REQUIREMENT >>
Beneath this line are entries. Copy the range from the line with "14K Solid Gold" to the line with "1月1日晚上七点30分,当班", ends included, exactly; leave pictures out.

INPUT MATERIAL >>
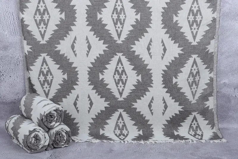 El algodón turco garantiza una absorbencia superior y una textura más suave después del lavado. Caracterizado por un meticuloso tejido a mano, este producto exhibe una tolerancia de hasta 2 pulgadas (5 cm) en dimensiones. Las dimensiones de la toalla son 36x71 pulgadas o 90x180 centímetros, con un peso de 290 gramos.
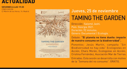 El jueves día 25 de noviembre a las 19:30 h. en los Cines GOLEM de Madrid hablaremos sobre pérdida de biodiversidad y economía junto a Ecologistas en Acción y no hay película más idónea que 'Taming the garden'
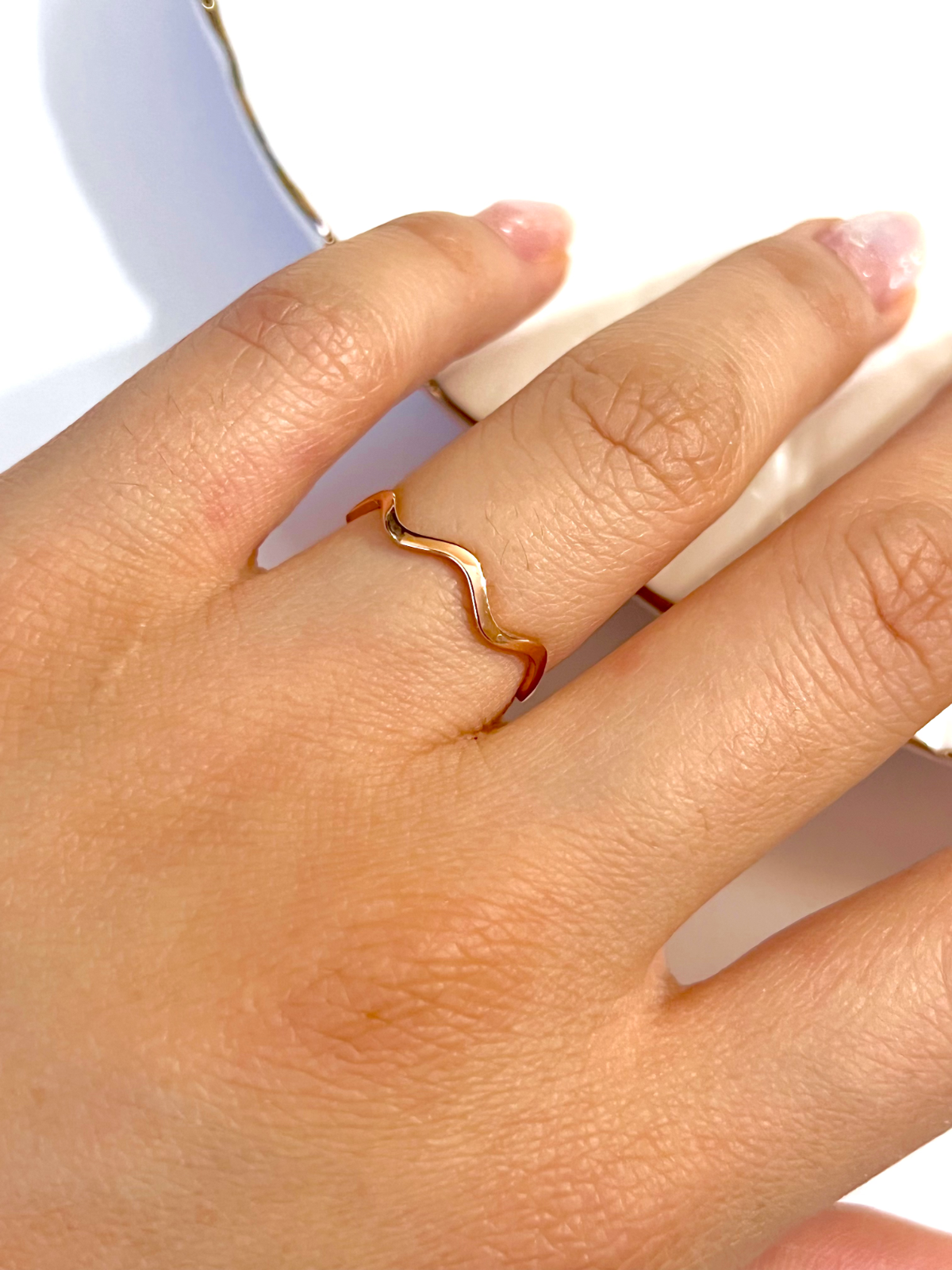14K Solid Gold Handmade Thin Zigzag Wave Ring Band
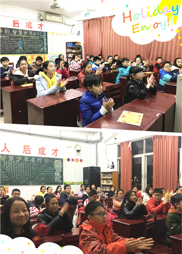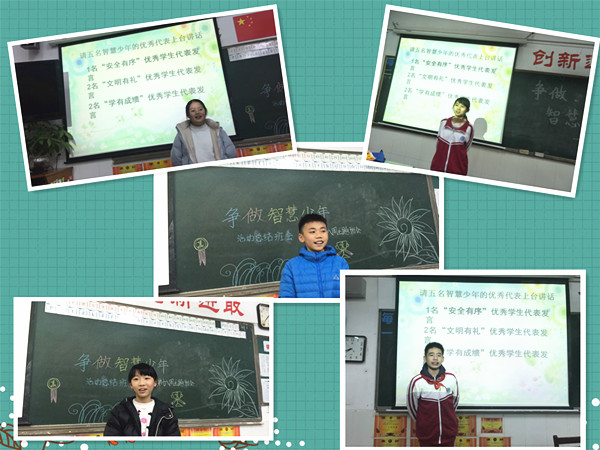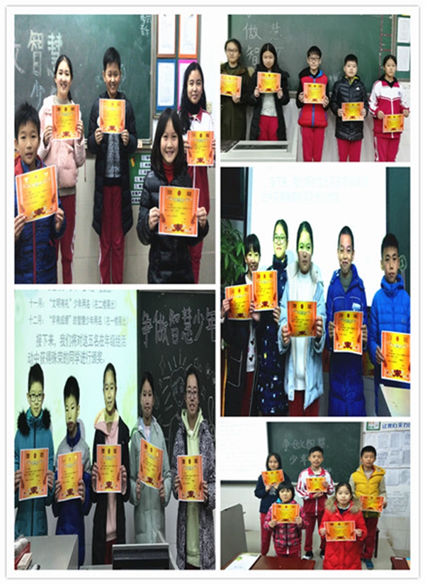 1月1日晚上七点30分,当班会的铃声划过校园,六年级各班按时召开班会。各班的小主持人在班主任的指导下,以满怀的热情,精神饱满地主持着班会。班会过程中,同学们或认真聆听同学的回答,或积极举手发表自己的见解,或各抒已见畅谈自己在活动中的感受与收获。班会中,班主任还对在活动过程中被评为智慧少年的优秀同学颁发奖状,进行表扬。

* * *

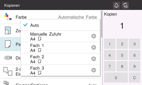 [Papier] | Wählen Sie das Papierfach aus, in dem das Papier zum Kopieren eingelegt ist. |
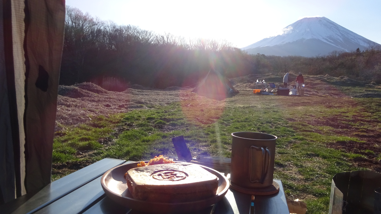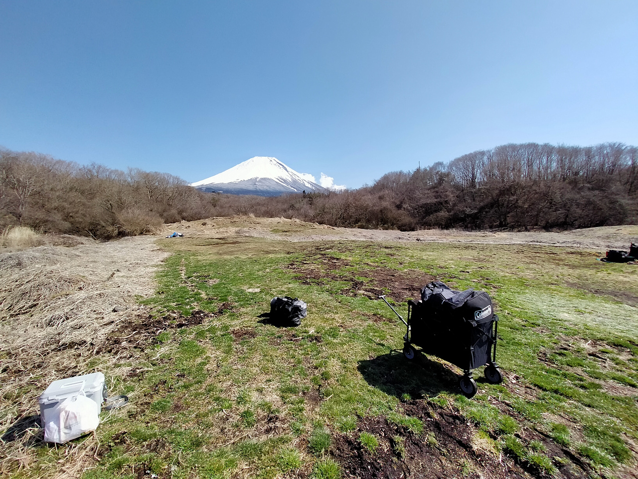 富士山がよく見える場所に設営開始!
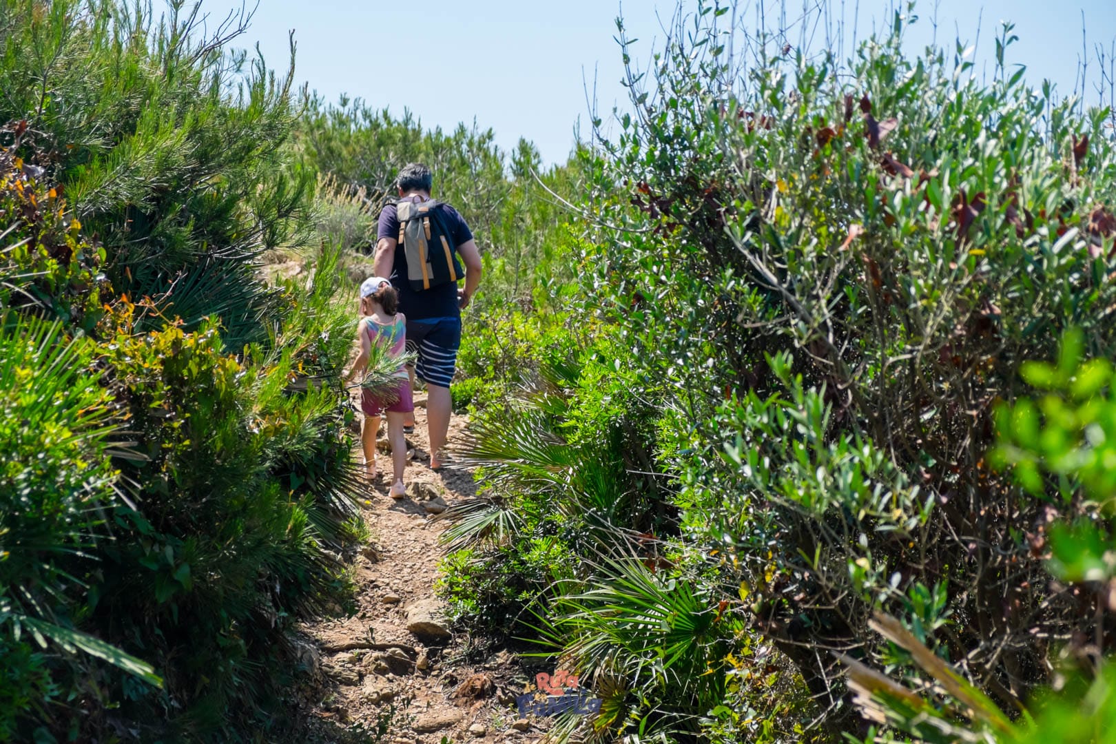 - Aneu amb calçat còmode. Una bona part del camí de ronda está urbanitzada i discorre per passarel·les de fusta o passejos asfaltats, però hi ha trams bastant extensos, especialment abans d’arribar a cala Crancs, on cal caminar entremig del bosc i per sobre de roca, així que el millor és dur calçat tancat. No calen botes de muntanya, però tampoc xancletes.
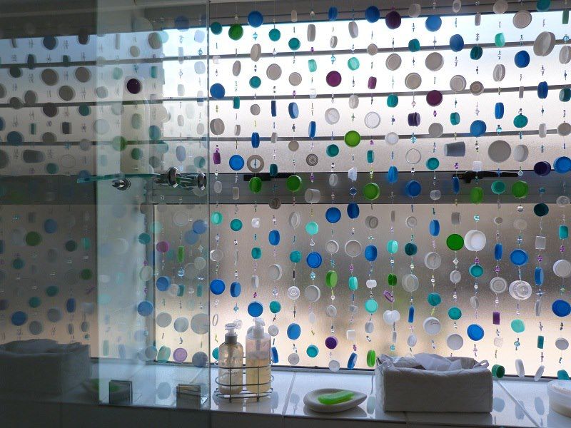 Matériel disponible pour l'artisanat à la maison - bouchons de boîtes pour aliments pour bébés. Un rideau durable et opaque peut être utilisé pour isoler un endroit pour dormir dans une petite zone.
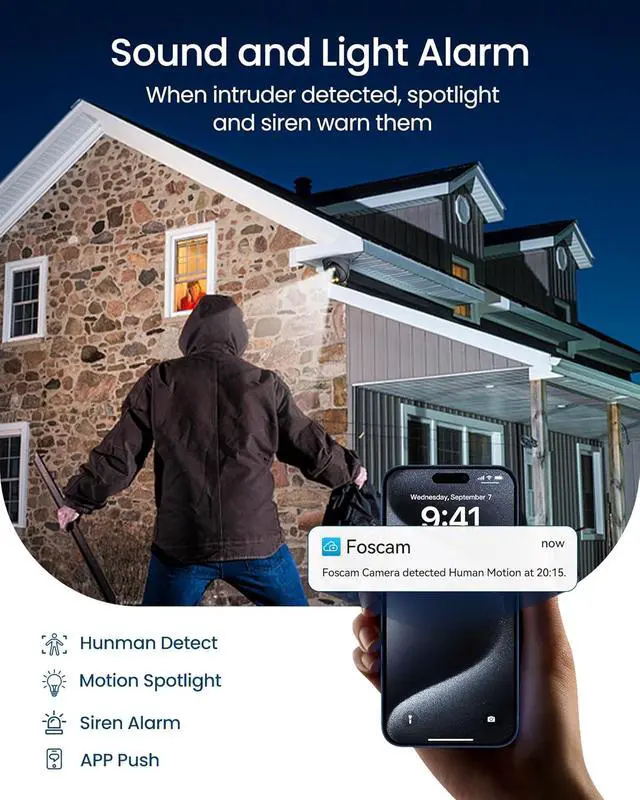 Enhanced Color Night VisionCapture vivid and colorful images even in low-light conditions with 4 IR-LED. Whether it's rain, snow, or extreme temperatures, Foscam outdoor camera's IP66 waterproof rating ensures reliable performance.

WRITTEN REPLY >>
14K Solid Gold Handmade Thin Zigzag Wave Ring Band
 1月1日晚上七点30分,当班会的铃声划过校园,六年级各班按时召开班会。各班的小主持人在班主任的指导下,以满怀的热情,精神饱满地主持着班会。班会过程中,同学们或认真聆听同学的回答,或积极举手发表自己的见解,或各抒已见畅谈自己在活动中的感受与收获。班会中,班主任还对在活动过程中被评为智慧少年的优秀同学颁发奖状,进行表扬。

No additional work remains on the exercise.